_PROVIDED DATA:_
--*--

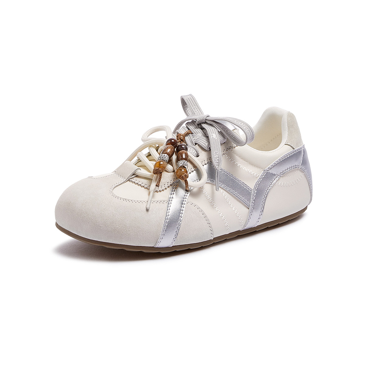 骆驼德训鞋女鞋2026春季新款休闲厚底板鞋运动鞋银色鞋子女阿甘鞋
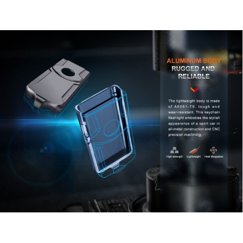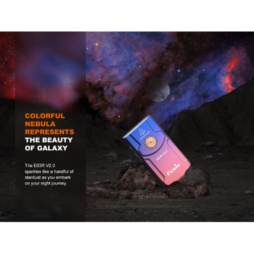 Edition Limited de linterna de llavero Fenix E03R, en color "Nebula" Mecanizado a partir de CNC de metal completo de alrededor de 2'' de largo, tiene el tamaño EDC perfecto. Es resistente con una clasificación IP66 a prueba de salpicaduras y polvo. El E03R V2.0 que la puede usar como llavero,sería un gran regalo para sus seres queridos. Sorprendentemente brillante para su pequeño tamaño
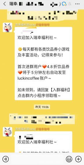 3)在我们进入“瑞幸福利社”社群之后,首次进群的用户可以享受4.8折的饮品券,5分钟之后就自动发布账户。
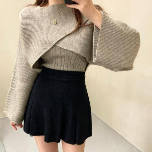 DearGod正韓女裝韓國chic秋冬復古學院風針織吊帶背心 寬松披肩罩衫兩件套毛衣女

--*--

_TASK BRIEF:_ None of the pictures should be carried over when the data above is transcribed exactly.

_TASK OUTPUT:_
 骆驼德训鞋女鞋2026春季新款休闲厚底板鞋运动鞋银色鞋子女阿甘鞋
 Edition Limited de linterna de llavero Fenix E03R, en color "Nebula" Mecanizado a partir de CNC de metal completo de alrededor de 2'' de largo, tiene el tamaño EDC perfecto. Es resistente con una clasificación IP66 a prueba de salpicaduras y polvo. El E03R V2.0 que la puede usar como llavero,sería un gran regalo para sus seres queridos. Sorprendentemente brillante para su pequeño tamaño
 3)在我们进入“瑞幸福利社”社群之后,首次进群的用户可以享受4.8折的饮品券,5分钟之后就自动发布账户。
 DearGod正韓女裝韓國chic秋冬復古學院風針織吊帶背心 寬松披肩罩衫兩件套毛衣女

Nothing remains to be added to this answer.